Orders placed with U.S. factories declined 0.8 percent in September, following a 4.4 percent slide in August, according to the median forecast of economists surveyed by Bloomberg News before the Commerce Department report at 10 a.m. in Washington.
Two-year notes climbed by the most since Oct. 15 yesterday as the Institute for Supply Management's U.S. manufacturing index dropped in October to the lowest level since 1982, the Tempe, Arizona-based group reported.
``The credit crisis reached up and grabbed the throat of the global economy and choked off economic growth,'' the Fed's Fisher said yesterday.
Americans Vote
Americans vote today to decide if Republican John McCain or Democrat Barack Obama will be the next president, choosing who will inherit the most severe financial crisis since the Great Depression.
Two-year notes returned 1.1 percent in October, according to indexes compiled by Merrill Lynch & Co. The Fed cut interest rates twice and investors sought the safest securities as credit markets froze and the Standard & Poor's 500 Index fell almost 17 percent, the most since 1987.
General Motors Corp., the largest U.S. automaker, said U.S. sales fell 45 percent in October. Ford Motor Co., the second- biggest, said sales declined 30 percent.
Ford Motor, GMAC LLC and Chrysler LLC were shut out of the market for bonds backed by auto loans for the fifth straight month in October, forcing automakers to cut back on loans to dealers and customers and contributing to a slowdown that may curb U.S. auto sales this year to the lowest level since 1993.
Ten-year notes handed investors a loss of 0.8 percent last month on concern the U.S. will increase sales of long-term debt to pay for a $700 billion bank-rescue package.
The government said yesterday fourth-quarter borrowing needs probably will grow to $550 billion, from an earlier estimate of $142 billion.
Debt Sales
The U.S. is scheduled on Nov. 5 to announce the amount of Treasuries it plans to auction. It may sell a net $388 billion of bills, notes and bonds this quarter, compared with $178.4 billion in the previous three months and $33.4 billion in the same period of 2007, according to a survey by the Securities Industry and Financial Markets Association released Oct. 31.
Yields indicate financial markets are thawing, helping curtail demand for Treasuries.
The difference between what banks and the Treasury pay to borrow money for three months, the so-called TED spread, shrank to 2.37 percentage points from 3.87 percentage points a month ago. The narrowing shows banks are becoming more willing to lend.
An index of emerging-market sovereign bonds compiled by JPMorgan Chase & Co. yielded 6.11 percentage points more than Treasuries, narrowing from a six-year high of 8.65 percentage points on Oct. 24.
`Come Undone'
``The flight-to-quality bid for bonds that was associated with a teetering financial system is starting to come undone,'' said Peter Jolly, head of markets research in Sydney at NabCapital, the investment-banking unit of National Australia Bank Ltd., the nation's largest lender. ``There's supply coming as well.'' Ten-year yields will probably hold little changed through year-end, he said.

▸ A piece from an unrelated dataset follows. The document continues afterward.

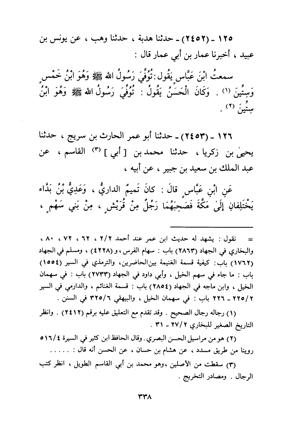 2452 - حَدَّثَنَا هُدْبَةُ، حَدَّثَنَا وَهْبٌ، عَنْ يُونُسَ بْنِ عُبَيْدٍ، أَخْبَرَنَا عَمَّارُ بْنُ أَبِي عَمَّارٍ قَالَ: سَمِعْتُ ابْنَ عَبَّاسٍ يَقُولُ: «§تُوُفِّيَ رَسُولُ اللَّهِ صَلَّى اللهُ عَلَيْهِ وَسَلَّمَ وَهُوَ ابْنُ خَمْسٍ وَسِتِّينَ». وَكَانَ الْحَسَنُ يَقُولُ: «تُوُفِّيَ رَسُولُ اللَّهِ صَلَّى اللهُ عَلَيْهِ وَسَلَّمَ وَهُوَ ابْنُ سِتِّينَ» Kرجاله رجال الصحيح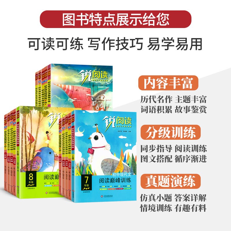 锐阅读初中语文阅读组合训练五合一七八九年级中考现代文100篇课外文言文周计划初一二三通用版模板专项练习册资料名著同步导读

The difference between two- and 10-year yields widened to 2.45 percentage points as shorter maturities outperformed. The difference was 2.48 percentage points yesterday, steepening the so-called yield curve to the most since 2004.
``People are still clinging to their security blanket and the front end of the Treasury curve,'' said Robert Tipp, chief investment strategist for fixed income in Newark, New Jersey, at Prudential Investment Management, which oversees more than $200 billion of bonds.